Aim of the task ▸
Once you have checked each line below, report only the number of lines that contain the word "Dress".

Stored dataset items ▸
-=-=-=-=-

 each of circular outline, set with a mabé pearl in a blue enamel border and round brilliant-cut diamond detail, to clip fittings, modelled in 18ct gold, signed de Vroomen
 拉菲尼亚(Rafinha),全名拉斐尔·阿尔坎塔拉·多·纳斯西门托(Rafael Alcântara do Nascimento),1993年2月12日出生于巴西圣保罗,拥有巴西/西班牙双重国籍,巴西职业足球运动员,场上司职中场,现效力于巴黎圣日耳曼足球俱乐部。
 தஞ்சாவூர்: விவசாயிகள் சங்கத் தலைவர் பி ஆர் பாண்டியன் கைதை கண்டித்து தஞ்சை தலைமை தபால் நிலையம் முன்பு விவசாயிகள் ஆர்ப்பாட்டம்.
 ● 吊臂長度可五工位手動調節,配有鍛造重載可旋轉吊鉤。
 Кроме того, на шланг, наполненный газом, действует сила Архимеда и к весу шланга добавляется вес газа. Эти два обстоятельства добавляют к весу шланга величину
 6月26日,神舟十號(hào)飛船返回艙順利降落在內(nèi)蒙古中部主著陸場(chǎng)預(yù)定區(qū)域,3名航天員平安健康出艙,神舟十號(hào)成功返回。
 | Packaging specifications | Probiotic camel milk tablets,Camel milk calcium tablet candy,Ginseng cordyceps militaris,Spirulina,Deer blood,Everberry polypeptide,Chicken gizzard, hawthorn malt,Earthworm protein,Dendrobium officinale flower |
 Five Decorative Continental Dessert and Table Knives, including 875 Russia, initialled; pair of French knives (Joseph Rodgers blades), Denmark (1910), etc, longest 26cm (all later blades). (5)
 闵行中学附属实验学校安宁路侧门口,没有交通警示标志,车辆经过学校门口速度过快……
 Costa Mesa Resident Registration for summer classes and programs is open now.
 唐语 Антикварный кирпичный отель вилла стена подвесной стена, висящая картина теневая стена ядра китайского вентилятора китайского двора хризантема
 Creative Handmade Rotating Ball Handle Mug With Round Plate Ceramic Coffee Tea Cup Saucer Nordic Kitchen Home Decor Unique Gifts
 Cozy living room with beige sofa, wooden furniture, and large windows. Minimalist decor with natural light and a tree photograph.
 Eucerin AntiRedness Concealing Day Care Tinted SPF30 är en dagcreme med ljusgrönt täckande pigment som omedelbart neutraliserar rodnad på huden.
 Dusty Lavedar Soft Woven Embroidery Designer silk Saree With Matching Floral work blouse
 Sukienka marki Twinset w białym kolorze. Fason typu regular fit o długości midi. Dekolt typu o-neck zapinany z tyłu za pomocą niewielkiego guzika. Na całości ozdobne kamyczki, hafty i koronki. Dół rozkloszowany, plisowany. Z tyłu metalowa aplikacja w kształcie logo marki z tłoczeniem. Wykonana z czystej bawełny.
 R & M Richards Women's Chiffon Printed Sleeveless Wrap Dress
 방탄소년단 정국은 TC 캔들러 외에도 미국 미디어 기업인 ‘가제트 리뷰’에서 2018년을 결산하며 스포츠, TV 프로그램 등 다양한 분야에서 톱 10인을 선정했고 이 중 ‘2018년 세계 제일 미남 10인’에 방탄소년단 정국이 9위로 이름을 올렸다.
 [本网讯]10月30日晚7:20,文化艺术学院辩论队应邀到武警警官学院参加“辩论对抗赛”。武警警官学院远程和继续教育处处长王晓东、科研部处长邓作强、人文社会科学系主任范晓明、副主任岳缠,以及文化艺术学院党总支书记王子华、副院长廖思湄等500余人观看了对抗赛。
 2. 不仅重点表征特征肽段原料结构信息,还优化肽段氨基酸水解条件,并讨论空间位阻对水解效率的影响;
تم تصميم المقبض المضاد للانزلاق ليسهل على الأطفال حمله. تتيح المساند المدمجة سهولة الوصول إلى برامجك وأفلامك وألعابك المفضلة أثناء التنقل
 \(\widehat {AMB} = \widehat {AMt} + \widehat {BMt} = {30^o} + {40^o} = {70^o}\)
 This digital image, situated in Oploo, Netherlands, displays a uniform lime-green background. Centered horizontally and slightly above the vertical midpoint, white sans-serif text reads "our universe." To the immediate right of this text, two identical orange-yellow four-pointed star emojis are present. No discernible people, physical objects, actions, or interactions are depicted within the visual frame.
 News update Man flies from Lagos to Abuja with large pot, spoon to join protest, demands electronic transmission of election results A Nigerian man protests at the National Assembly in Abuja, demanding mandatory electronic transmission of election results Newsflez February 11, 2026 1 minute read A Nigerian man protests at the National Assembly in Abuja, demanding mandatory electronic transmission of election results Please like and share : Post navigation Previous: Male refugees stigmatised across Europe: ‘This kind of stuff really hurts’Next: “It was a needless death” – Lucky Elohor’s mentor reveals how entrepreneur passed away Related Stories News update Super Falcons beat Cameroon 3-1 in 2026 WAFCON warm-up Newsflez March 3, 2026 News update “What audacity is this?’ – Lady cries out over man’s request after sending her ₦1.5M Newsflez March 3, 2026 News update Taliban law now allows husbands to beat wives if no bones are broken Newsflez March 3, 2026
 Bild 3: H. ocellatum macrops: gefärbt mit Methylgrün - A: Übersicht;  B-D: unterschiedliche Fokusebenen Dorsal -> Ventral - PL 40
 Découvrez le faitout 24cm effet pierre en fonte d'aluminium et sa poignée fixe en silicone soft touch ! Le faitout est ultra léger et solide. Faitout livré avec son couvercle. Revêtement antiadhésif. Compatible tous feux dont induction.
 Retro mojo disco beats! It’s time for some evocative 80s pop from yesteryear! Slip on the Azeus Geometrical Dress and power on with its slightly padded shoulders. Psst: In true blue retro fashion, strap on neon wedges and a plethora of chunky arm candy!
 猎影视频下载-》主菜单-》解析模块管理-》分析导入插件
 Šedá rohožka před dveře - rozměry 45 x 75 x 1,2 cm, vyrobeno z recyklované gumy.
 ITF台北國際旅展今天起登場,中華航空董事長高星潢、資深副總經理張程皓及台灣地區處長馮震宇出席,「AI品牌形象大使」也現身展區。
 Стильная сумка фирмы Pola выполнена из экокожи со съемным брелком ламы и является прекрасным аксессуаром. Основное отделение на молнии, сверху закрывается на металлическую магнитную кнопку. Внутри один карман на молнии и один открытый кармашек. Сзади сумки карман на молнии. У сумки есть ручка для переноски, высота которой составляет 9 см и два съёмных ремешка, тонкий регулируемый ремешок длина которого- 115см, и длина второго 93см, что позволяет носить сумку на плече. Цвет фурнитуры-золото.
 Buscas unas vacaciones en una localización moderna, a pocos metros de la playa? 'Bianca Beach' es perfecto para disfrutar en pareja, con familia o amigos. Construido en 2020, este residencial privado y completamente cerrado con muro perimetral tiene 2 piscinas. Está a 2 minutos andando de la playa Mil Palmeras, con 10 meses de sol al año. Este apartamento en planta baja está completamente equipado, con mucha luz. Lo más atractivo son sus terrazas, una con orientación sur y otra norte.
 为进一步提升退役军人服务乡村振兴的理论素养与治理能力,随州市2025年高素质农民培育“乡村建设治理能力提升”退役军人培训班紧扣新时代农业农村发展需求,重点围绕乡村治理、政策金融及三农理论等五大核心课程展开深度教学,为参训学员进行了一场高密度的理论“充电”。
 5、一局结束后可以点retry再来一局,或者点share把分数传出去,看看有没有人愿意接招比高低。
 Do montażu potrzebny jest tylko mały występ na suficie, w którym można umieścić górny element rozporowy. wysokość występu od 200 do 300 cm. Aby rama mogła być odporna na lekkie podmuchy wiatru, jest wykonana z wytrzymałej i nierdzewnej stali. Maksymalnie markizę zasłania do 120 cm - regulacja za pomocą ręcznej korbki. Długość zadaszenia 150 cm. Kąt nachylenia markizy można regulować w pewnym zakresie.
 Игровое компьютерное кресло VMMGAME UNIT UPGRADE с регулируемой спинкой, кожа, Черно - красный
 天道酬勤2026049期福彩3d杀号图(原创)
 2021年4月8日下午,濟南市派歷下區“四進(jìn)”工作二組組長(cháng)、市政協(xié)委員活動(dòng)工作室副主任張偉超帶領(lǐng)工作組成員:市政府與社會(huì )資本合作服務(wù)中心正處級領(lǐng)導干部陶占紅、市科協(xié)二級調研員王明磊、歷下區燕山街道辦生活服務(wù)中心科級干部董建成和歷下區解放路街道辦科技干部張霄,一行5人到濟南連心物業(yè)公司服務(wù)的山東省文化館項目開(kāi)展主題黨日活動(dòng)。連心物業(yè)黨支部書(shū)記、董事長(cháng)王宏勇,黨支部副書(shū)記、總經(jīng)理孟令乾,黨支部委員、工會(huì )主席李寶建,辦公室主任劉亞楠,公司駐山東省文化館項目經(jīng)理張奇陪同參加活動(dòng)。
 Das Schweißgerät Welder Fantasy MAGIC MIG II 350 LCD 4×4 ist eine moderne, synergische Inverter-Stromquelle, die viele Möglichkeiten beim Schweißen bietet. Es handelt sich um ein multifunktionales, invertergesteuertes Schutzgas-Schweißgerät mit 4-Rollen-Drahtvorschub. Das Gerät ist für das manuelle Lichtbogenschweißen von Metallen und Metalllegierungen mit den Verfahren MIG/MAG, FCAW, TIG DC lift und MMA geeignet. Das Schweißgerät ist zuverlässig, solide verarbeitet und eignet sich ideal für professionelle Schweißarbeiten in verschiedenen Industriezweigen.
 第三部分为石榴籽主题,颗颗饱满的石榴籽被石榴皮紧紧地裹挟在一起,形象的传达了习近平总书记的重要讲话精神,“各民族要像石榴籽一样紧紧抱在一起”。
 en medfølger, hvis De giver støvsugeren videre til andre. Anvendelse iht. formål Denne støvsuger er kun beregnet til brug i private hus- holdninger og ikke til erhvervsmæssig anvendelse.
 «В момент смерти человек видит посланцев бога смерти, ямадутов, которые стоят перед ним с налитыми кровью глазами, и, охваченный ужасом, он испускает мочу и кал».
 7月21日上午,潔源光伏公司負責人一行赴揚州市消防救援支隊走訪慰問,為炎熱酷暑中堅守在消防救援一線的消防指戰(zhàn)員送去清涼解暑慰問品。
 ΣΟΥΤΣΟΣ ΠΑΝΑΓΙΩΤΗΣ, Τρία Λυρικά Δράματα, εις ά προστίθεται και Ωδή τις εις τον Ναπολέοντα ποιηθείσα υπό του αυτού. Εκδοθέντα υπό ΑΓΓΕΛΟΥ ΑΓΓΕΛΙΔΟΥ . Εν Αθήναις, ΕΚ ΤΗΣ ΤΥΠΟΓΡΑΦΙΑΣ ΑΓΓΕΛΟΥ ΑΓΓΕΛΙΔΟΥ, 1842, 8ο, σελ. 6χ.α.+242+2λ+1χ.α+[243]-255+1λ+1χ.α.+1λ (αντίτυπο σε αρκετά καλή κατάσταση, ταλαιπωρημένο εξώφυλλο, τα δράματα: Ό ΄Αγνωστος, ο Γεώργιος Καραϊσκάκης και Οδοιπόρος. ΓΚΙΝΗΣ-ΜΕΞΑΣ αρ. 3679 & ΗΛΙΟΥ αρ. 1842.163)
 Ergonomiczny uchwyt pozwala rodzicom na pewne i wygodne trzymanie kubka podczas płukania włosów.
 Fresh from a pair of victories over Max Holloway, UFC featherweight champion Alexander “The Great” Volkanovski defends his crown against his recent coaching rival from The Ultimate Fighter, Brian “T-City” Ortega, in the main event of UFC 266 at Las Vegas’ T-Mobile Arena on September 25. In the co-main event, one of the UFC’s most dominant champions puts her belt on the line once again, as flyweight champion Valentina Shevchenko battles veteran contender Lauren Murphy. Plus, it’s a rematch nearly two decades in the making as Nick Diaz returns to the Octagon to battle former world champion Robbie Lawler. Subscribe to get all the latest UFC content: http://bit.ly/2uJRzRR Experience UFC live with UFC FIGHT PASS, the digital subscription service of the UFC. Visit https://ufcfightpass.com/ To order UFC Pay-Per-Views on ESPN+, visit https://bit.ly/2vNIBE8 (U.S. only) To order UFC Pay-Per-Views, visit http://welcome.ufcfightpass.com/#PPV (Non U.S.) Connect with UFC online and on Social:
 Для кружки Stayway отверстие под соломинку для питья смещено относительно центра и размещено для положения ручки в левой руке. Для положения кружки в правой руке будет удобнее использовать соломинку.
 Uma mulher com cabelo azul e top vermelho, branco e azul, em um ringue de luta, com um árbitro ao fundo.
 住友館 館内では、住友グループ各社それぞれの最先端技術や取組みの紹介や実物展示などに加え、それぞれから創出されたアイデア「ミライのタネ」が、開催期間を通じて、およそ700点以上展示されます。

-=-=-=-=-

Exercise response ▸
2